Information:
_ _ _ _ _
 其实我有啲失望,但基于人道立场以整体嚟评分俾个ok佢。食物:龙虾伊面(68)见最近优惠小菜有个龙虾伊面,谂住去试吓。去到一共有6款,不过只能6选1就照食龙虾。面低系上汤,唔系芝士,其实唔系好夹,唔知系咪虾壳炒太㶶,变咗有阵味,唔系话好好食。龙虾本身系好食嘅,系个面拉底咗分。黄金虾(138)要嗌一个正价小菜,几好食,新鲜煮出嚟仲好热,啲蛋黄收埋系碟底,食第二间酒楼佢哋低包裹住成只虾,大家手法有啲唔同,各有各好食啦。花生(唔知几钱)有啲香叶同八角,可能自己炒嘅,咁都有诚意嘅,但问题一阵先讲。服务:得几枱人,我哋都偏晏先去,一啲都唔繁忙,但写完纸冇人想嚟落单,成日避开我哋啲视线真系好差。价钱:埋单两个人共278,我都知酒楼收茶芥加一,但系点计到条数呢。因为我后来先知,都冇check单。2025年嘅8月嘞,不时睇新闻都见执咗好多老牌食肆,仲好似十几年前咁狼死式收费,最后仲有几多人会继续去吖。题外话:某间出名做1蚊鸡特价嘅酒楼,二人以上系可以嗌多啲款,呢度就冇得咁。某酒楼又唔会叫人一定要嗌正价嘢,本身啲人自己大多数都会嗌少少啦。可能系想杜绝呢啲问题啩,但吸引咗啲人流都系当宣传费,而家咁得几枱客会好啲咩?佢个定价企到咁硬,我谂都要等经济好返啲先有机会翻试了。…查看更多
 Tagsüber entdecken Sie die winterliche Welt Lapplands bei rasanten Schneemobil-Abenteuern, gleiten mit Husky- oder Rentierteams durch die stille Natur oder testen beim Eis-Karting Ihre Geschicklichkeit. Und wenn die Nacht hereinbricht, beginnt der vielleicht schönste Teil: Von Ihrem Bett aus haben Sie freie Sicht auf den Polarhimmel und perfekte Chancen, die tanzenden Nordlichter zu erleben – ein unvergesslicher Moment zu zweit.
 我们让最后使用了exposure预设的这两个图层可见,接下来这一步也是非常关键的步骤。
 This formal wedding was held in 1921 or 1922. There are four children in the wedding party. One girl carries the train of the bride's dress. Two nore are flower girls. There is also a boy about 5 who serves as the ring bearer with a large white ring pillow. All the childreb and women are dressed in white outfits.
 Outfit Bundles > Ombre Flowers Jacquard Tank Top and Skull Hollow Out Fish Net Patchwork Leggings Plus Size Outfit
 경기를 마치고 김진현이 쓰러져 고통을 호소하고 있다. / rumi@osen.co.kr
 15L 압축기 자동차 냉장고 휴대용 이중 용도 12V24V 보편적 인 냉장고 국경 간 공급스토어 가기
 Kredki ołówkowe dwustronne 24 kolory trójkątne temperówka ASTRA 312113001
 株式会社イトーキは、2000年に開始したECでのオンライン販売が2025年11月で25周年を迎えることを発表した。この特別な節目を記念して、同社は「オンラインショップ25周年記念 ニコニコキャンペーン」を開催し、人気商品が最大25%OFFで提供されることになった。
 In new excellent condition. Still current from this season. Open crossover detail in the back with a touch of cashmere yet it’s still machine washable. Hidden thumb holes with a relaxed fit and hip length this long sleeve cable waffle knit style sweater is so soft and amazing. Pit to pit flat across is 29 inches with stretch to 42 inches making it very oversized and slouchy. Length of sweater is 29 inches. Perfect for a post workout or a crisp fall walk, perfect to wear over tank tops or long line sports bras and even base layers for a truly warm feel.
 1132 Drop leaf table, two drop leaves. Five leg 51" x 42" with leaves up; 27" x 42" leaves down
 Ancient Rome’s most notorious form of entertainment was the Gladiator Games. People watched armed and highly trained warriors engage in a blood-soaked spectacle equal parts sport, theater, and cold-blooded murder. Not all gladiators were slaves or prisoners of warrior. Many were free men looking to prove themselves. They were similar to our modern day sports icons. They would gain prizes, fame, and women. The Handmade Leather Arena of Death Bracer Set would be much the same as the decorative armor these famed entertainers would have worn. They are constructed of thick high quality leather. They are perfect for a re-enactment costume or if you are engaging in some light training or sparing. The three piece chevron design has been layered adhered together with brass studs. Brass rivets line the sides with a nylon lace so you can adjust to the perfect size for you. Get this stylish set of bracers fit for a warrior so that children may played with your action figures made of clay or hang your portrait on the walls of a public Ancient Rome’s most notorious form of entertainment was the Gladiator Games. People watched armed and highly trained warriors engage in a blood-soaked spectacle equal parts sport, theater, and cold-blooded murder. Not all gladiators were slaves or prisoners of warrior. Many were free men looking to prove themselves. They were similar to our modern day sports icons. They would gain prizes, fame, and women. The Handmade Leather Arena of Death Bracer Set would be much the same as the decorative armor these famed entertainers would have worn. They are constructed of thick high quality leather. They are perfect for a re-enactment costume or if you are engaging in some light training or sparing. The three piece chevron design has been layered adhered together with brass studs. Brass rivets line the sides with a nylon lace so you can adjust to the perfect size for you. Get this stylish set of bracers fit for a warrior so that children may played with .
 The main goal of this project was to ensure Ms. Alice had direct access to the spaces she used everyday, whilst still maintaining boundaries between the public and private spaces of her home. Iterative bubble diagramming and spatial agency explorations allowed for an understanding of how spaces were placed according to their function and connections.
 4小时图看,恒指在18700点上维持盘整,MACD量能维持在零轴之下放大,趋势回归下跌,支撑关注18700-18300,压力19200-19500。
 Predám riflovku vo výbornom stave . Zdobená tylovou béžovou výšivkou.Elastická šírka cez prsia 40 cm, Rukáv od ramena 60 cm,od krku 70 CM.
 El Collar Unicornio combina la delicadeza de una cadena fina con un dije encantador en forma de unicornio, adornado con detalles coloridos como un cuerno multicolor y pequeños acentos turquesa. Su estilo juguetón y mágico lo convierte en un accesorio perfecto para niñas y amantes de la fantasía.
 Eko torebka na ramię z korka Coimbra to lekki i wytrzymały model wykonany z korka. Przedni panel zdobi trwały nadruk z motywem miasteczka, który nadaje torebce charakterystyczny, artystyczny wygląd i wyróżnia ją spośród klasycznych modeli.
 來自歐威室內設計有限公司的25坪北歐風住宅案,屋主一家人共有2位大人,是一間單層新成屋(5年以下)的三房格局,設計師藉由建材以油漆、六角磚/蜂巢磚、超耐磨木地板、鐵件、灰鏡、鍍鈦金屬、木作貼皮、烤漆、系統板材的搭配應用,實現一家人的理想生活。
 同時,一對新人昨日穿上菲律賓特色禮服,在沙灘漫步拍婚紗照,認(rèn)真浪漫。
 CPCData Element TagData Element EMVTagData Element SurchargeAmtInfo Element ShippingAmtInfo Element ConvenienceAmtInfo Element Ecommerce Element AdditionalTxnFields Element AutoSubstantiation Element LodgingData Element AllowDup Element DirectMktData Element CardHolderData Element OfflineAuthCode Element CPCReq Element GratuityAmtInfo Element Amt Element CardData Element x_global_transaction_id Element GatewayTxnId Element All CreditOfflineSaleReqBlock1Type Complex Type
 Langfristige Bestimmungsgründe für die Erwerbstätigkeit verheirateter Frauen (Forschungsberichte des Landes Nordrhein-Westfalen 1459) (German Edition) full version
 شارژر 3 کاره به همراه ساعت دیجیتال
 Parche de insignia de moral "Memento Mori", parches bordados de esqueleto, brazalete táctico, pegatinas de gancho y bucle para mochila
_ _ _ _ _
Exercise requirements: All lines holding the word "para" must be found in the listing and copied.

Exercise solution:
 El Collar Unicornio combina la delicadeza de una cadena fina con un dije encantador en forma de unicornio, adornado con detalles coloridos como un cuerno multicolor y pequeños acentos turquesa. Su estilo juguetón y mágico lo convierte en un accesorio perfecto para niñas y amantes de la fantasía.
 Parche de insignia de moral "Memento Mori", parches bordados de esqueleto, brazalete táctico, pegatinas de gancho y bucle para mochila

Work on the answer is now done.